My wife and I recently moved to Portugal in the city of Portimao and are planing to stay there for a while. 
I am French and she is Croatian. We still can't speak Portuguese but we both speak English.

We would really like to meet people in our area and make new friends, so if you'd like to have a drink feel free to contact us.


----------



## kingrulzuk (Jan 19, 2010)

hiya welcome to the forum
i was in portimao for a week long back.
i loved the place made lots of friends 
i went to this restaurant called PIEDADE the food was lovely and i made friends with some lovely people.

hope this help


----------



## colinasdovau (May 8, 2011)

Hi and thank you for the reply.

I was starting to think that my message scared people 
It sounds a bit creepy, I admit.

Actually, my wife and I (we are 25 and 29) moved from Croatia this month. We are joining/taking over a small real estate company here in Portimao.
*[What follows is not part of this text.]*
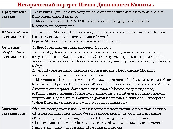 Исторический портрет Ивана Даниловича Калиты. Представление деятеля Сын князя Даниила Александровича, основателя династии Московских князей. Внук Александра Невского. Московский князь (1325 -1340), создал основы будущего могущества Московского государства. Время жизни и деятельности 1 половина XIV века. Начало объединения русских земель. Возвышение Москвы. Политика стравливания русских князей Ордой. Борьба Москвы и Твери за великокняжеский престол. Основные направления деятельности 1. Борьба Москвы за великокняжеский престол. 1327 г. - И. Д. Калита с монголо-татарским войском подавил восстание в Твери, получил ярлык на Великое княжение. С этого времени ярлык почти постоянно в руках московских князей. Получил право сбора дани с русских земель и доставки ее в Орду. 2. Тесный союз великокняжеской власти и церкви. Превращение Москвы в религиозный и идеологический центр Руси. Митрополит Петр подолгу жил в Москве, похоронен в 1326 г. в Успенском соборе Московского Кремля. Его преемник Феогност окончательно переселился в Москву. Строительство первых белокаменных храмов в Москве (не дошли до нас). 3. Расширение владений Московского княжества, не прибегая к оружию, покупая территории. Подчинились Галичское (район Костромы), Угличское, Белозерское (район Вологды) княжества, часть Ростовского княжества. Значение деятельности • Умный, последовательный, хотя и жестокий в достижении своих целей, политик. • При нем Москва стала самым богатым княжеством Руси. Отсюда и прозвище «Калита» ( «денежная сума» , «кошель» ). Новые дубовые стены Кремля. • При нем усилилась роль Москвы как центра объединения всех русских земель. Удалось заручиться поддержкой Православной церкви.

Don't really want to advertise it in this topic.

we will try to find the restaurant you mentioned above and try the food.


----------



## notlongnow (May 21, 2009)

Feel free to get in touch if you ever come and visit the other end of the Algarve (around Tavira.) We are a similar age and struggle to meet younger people so understand where you're coming from !
B


----------



## somanyhands (Apr 9, 2011)

Well, now Ben has made me feel old 

We're in Lagos, so not very far, and, while we have an extra 10 years (and probably 2 kids lol) on you guys, if you're ever over our way, feel free to get in touch.
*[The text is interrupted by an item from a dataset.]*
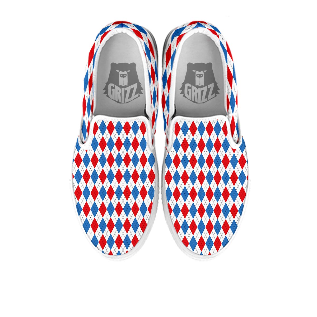 Looking for a unique Slip On Sneakers? Check out our White Argyle And Blue Red Print Pattern White Slip On Shoes at Grizzshopping. Our Slip On Sneakers are handcrafted to the highest quality standards that custom made for you

Despite being "old", we are pretty young (yay!) amongst the local expat community, most of whom are retired.


----------



## borboleta (Apr 25, 2011)

Hello!

I tried to send you private message, but it seems you don't have enough posts to receive it...


----------



## Algarve (Mar 30, 2011)

colinasdovau said:


> Hi and thank you for the reply.
> 
> I was starting to think that my message scared people
> It sounds a bit creepy, I admit.
> ...


You can send me a PM as think we could help you, all the best


----------